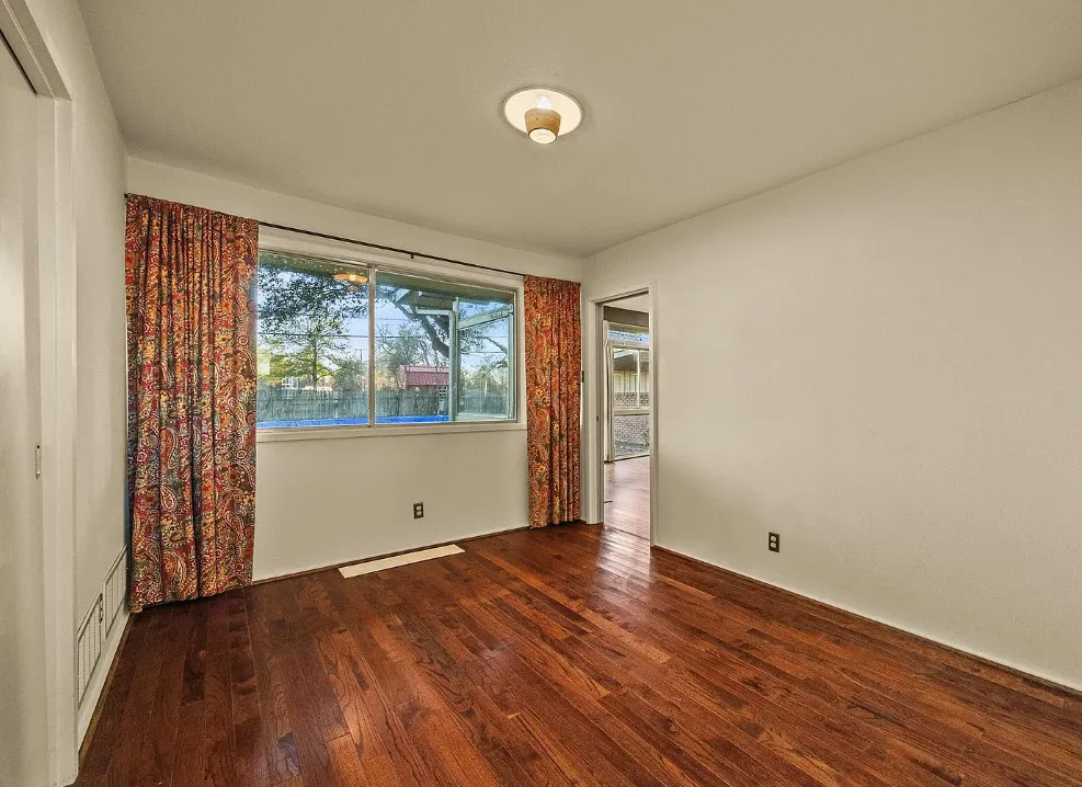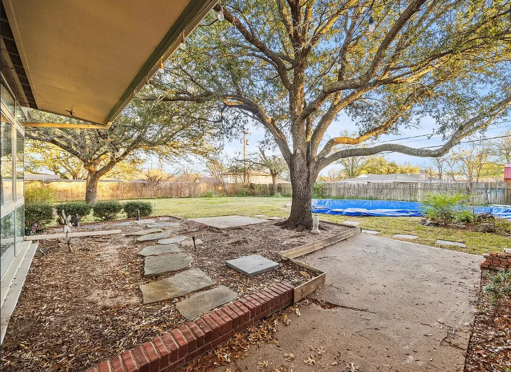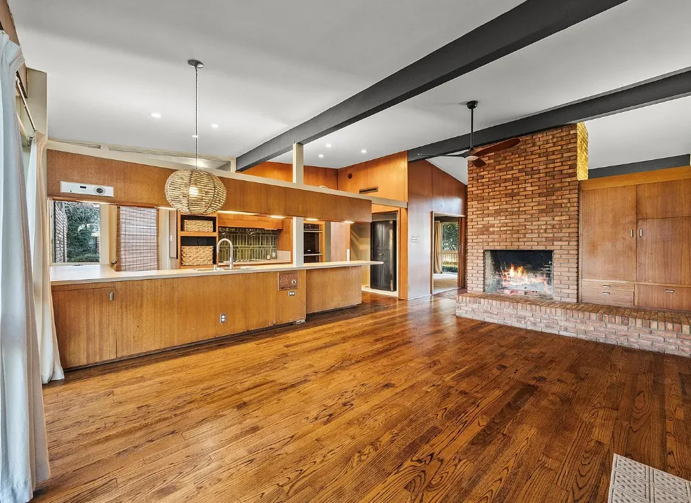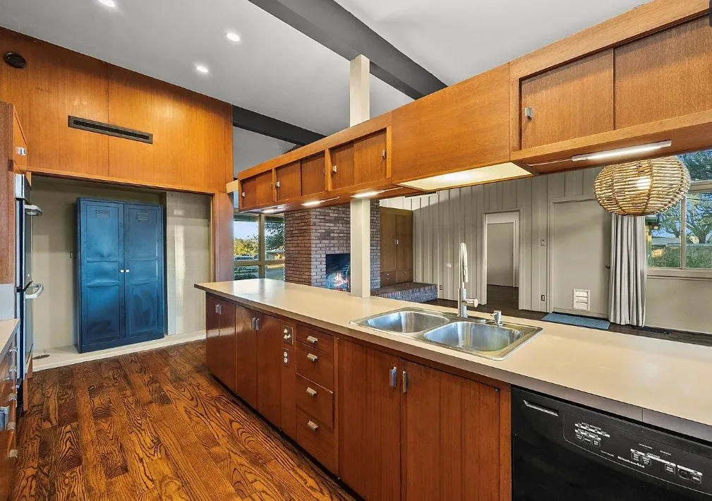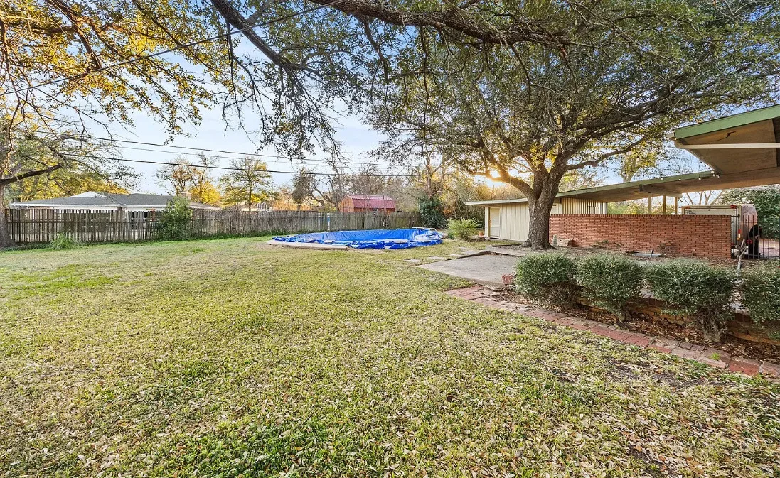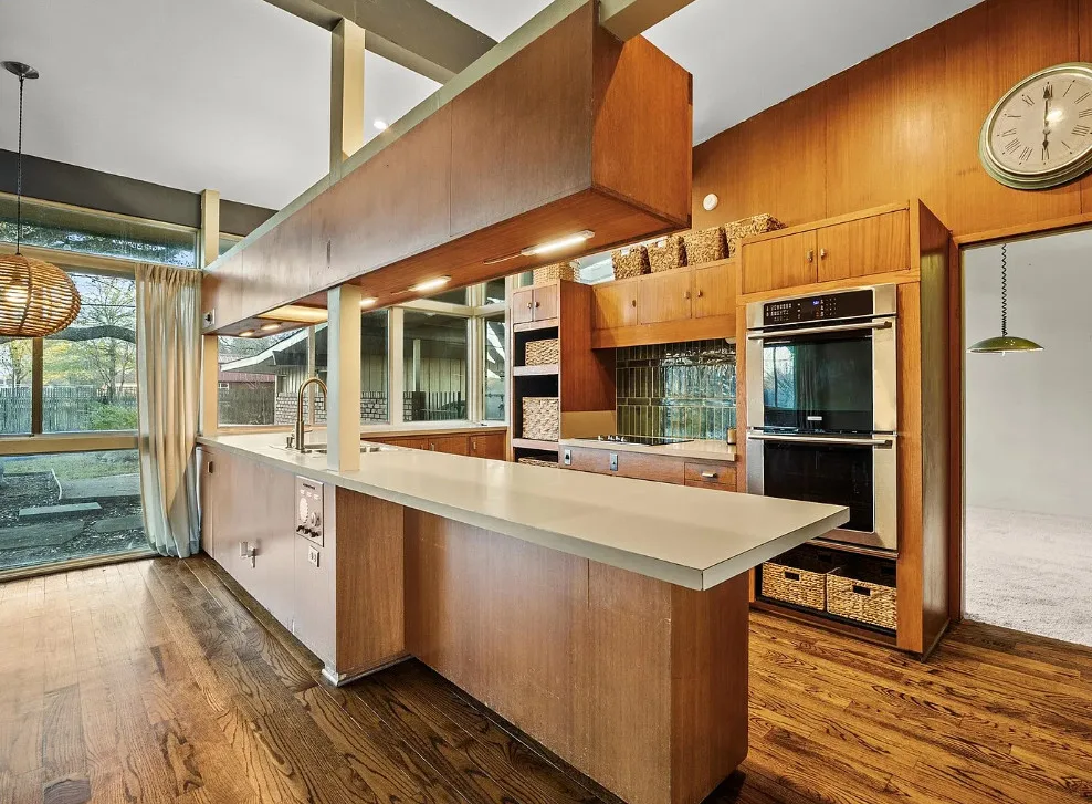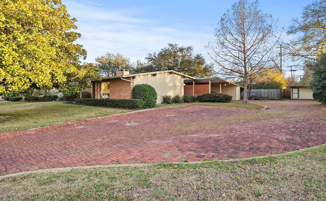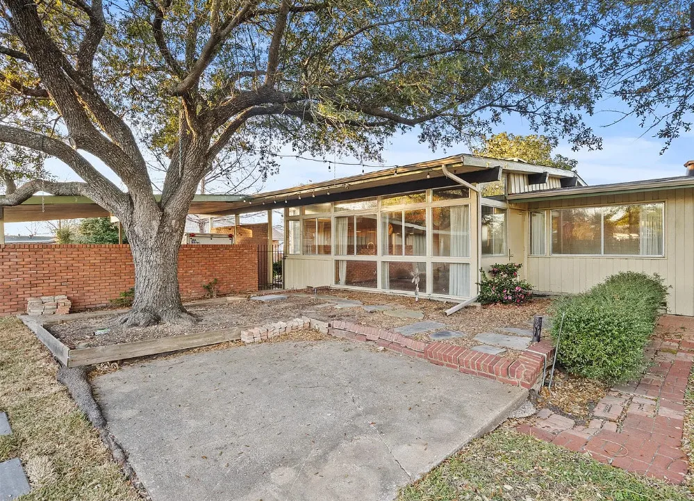 A true mid-century modern gem, this thoughtfully designed home showcases the iconic architectural elements that define the era—clean lines, open-concept living and a strong connection to nature—all set on a generous oversized lot, just under one-half of an acre. Expansive floor-to-ceiling, picture and clerestory windows invite abundant natural light throughout, highlighting the home’s warm materials and airy layout. The flexible floor plan offers four well-proportioned bedrooms and two full baths, ideal for modern living while preserving the home’s original character. Mid-century features such as built-in cabinetry, brick walls at and in great room, hardwood floors, abundant storage, wide hallway, and functional design create a balance of form and function. Living spaces are designed for effortless flow, perfect for both relaxed daily living and entertaining. The kitchen and hallway cabinetry emphasize efficiency and smart storage—hallmarks of mid-century design. Kitchen features smooth cooktop, double ovens, generous storage and countertop space. A covered carport enhances the home’s architectural appeal, while the separate utility room with pool bath and adjacent pool equipment room provides endless opportunities and versatility. The expansive yard is perfect for outdoor living, gardening, or future enhancements, complete with a storage shed for tools and equipment. Timeless, functional, and filled with natural light, this mid-century modern home offers a rare opportunity to own a piece of architectural history—beautifully suited for today’s lifestyle. This home is an as-is purchase. Pool on the property needs repair.
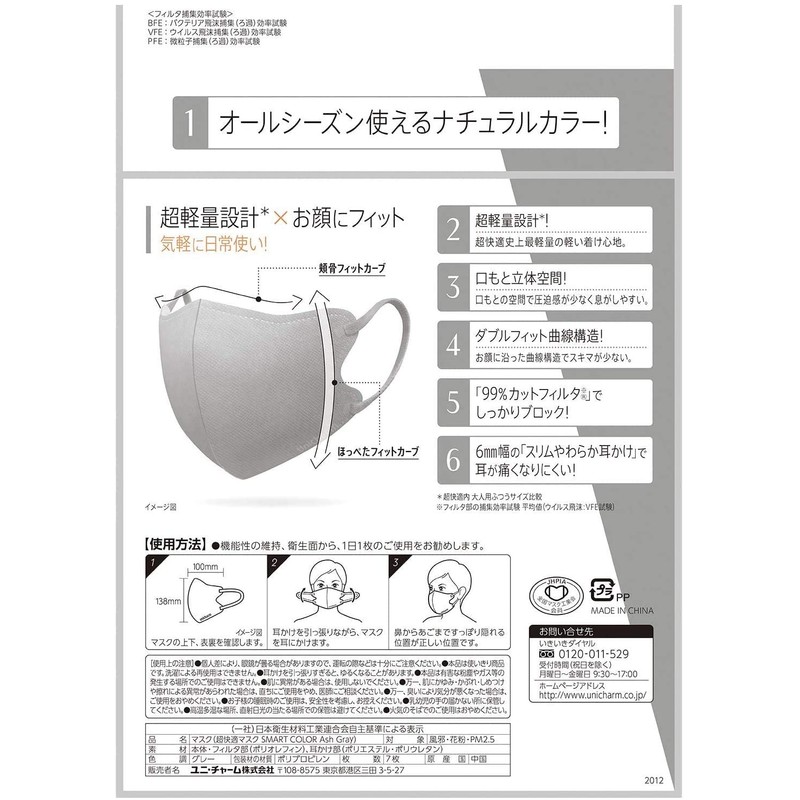 Super Comfortable Mask, Smart Color, Ash Gray, Regular, 7 Masks, Bulk Purchase Set
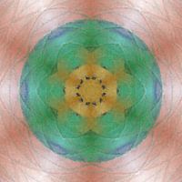 Abstract bloem mandala digitale impasto schilderij in rood blauw geel groen
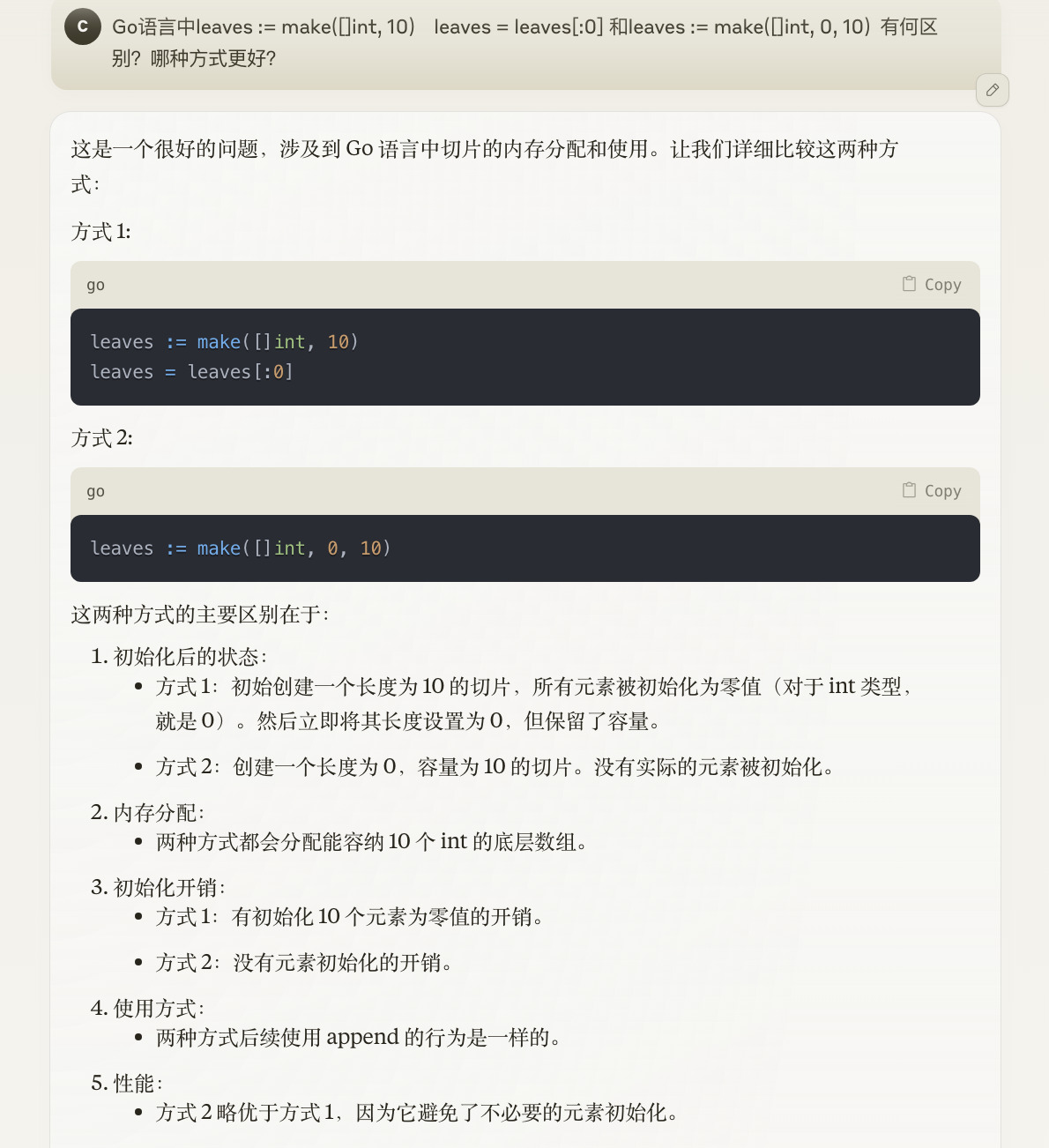总的来说,方式 2 leaves := make([]int, 0, 10) 通常被认为是更好的做法,原因如下:

____________

*Work to complete*: Once the pictures have been removed, reproduce each line of the material above exactly.

*Answer for the task*:
 A true mid-century modern gem, this thoughtfully designed home showcases the iconic architectural elements that define the era—clean lines, open-concept living and a strong connection to nature—all set on a generous oversized lot, just under one-half of an acre. Expansive floor-to-ceiling, picture and clerestory windows invite abundant natural light throughout, highlighting the home’s warm materials and airy layout. The flexible floor plan offers four well-proportioned bedrooms and two full baths, ideal for modern living while preserving the home’s original character. Mid-century features such as built-in cabinetry, brick walls at and in great room, hardwood floors, abundant storage, wide hallway, and functional design create a balance of form and function. Living spaces are designed for effortless flow, perfect for both relaxed daily living and entertaining. The kitchen and hallway cabinetry emphasize efficiency and smart storage—hallmarks of mid-century design. Kitchen features smooth cooktop, double ovens, generous storage and countertop space. A covered carport enhances the home’s architectural appeal, while the separate utility room with pool bath and adjacent pool equipment room provides endless opportunities and versatility. The expansive yard is perfect for outdoor living, gardening, or future enhancements, complete with a storage shed for tools and equipment. Timeless, functional, and filled with natural light, this mid-century modern home offers a rare opportunity to own a piece of architectural history—beautifully suited for today’s lifestyle. This home is an as-is purchase. Pool on the property needs repair.
 Super Comfortable Mask, Smart Color, Ash Gray, Regular, 7 Masks, Bulk Purchase Set
 Abstract bloem mandala digitale impasto schilderij in rood blauw geel groen
总的来说,方式 2 leaves := make([]int, 0, 10) 通常被认为是更好的做法,原因如下:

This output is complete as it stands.